Technical Walkthrough – Voyant Server

Voyant Server is a web based text analysis and reading environment. A review of Voyant Tools can be found at https://blogs.reed.edu/ed-tech/2017/03/text-analysis-using-voyant-tools/.

Who or what’s it for

HASS DEVL project contribution. eResearch South Australia originally requested from The University of Melbourne for South Australian research.

Arrangements in place

Available for broad research access for the HASS DEVL project and SCIP. Post project (after 2018) availability for national use intended.

Availability and data recovery

Best effort 24/7/365 availability of voyant.https://tinker.edu.au, with support during University of Melbourne Business hours, between 9AM and 5PM, Monday to Friday.

Daily backups of stored data, with at least 30 day recovery.

Key dates 

2017 – Early prototype provided by The University of Melbourne Social & Cultural Informatics Platform, deployed version by University of Melbourne eScholarship Research Centre.
May 2018 – discoverable on https://tinker.edu.au
2019 – sustainability at UoM, but TBC.

Location

HASS Cloud nectar allocation though The University of Melbourne.
Puppet configuration: https://github.com/PeterTonoli/puppet-toys/blob/master/voyant/voyant-be.hasscloud.net.pp

Support contacts

Primary: scip-enquiries@unimelb.edu.au
Sysadmin: Peter Tonolipeterct@unimelb.edu.au 03-83448181
Software contact: As at May 2018 Stéfan Sinclair is actively working on Voyant Server – Issues may be logged on GitHub.

Voyant Tools is also on Twitter.

Dependencies

Hasscloud.net.au Puppet server for configuration.

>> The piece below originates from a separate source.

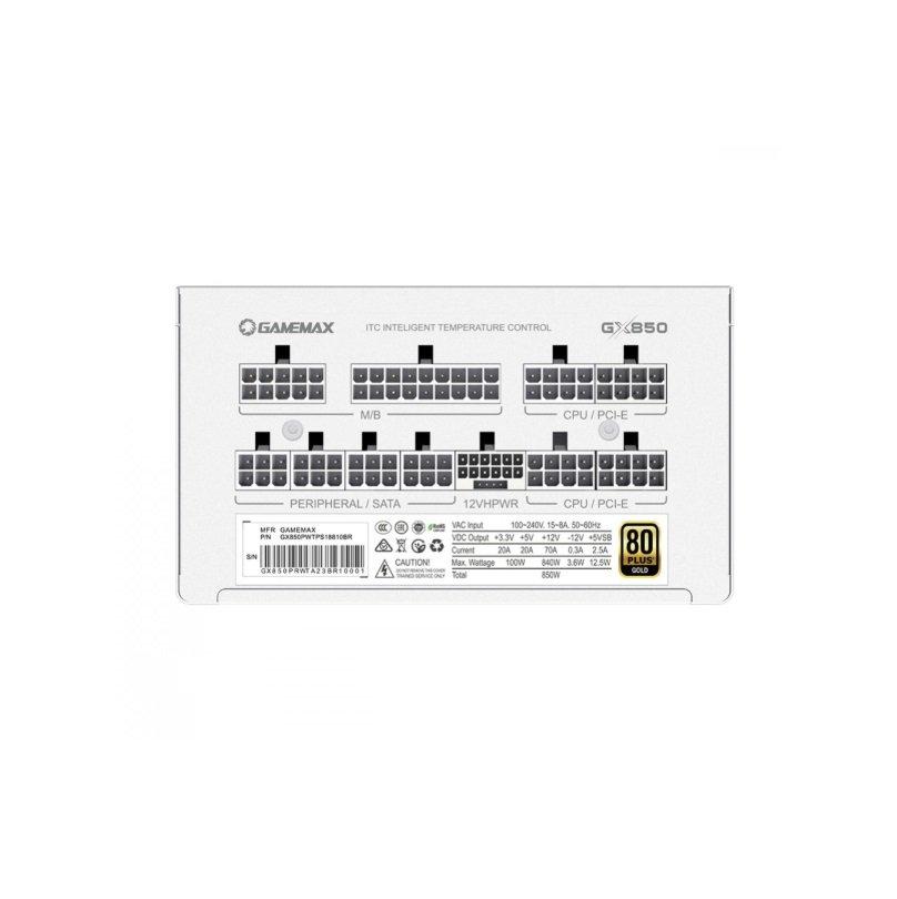 FONTE GAMEMAX GX850 PRO, 850W, 80 PLUS GOLD, FULL MODULAR, PFC ATIVO, WHITE, GX850PWTPS18810BR

Hasscloud.net.au for monitoring and backup infrastructure.

Note that users may “Export a URL, embeddable tool, or citable reference”, in essence publishing a visualisation, so external HTML links to the hostname might increase this way. Approach for addressing this TBD.

Software license

Voyant Server is open source licensed under the GNU General Public License v3.0.

Reference materials

Documentation for Voyant may be found at http://docs.voyant-tools.org/resources/run-your-own/voyant-server/ – additional technical information, such as installing Voyant on a server, can be found at https://github.com/sgsinclair/VoyantServer/wiki.

Deployment Guide

The beta instance of Voyant used for HASSDEVL is under Ubuntu 16.04, using Apache Tomcat 8.5, and OpenJDK 8.

First things, first. Create a virtual machine, under NECTAR, or your favourite platform – Ubuntu 16.04 works well, however 18.04 should suffice, if need be.

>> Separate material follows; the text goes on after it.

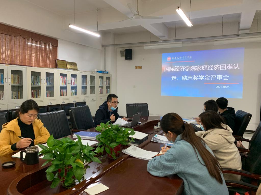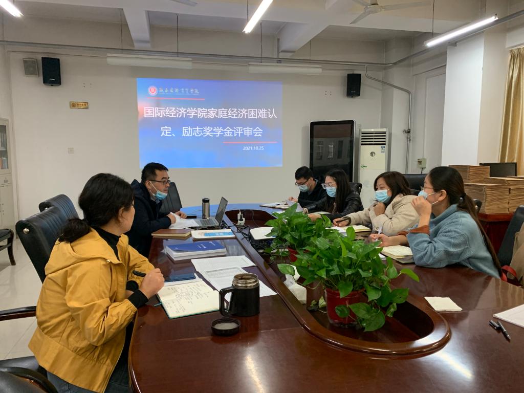 10月25日上午10点,国际经济学院组织召开2020--2021学年国家励志奖学金评审会议于西咸会议室进行评审。会议由办公室主任荣超主持,党总支副书记路敏及全体学管人员参加了会议。

The impression that we have been given, however, have not yet had a corpus of text large enough, is that Voyant is voracious with resource usage. HASSDEVL has chosen to install Voyant on a m1.large instance, with 16GB of RAM & 4 VCPU’s.

Once your instance is installed and running

1. Install OpenJDK

apt-get install openjdk-8-jre-headless

2. Download and install Apache Tomcat.

Browse to tomcat.apache.org

Download, and copy to your virtual machine, the latest version of Apache Tomcat 8.0.

Unarchive Apache Tomcat, into /opt/tomcat

mkdir /opt/tomcat
tar -xvzf apache-tomcat-8.5.31 --directory /opt/tomcat

3. Download and install Voyant Server –

The latest release can be downloaded from https://github.com/sgsinclair/VoyantServer/releases/latest.

UnZip the voyant archive into /opt/tomcat/webapps

apt-get install unzip

unzip VoyantServer2_4-M5.zip -d "/opt/tomcat/webapps"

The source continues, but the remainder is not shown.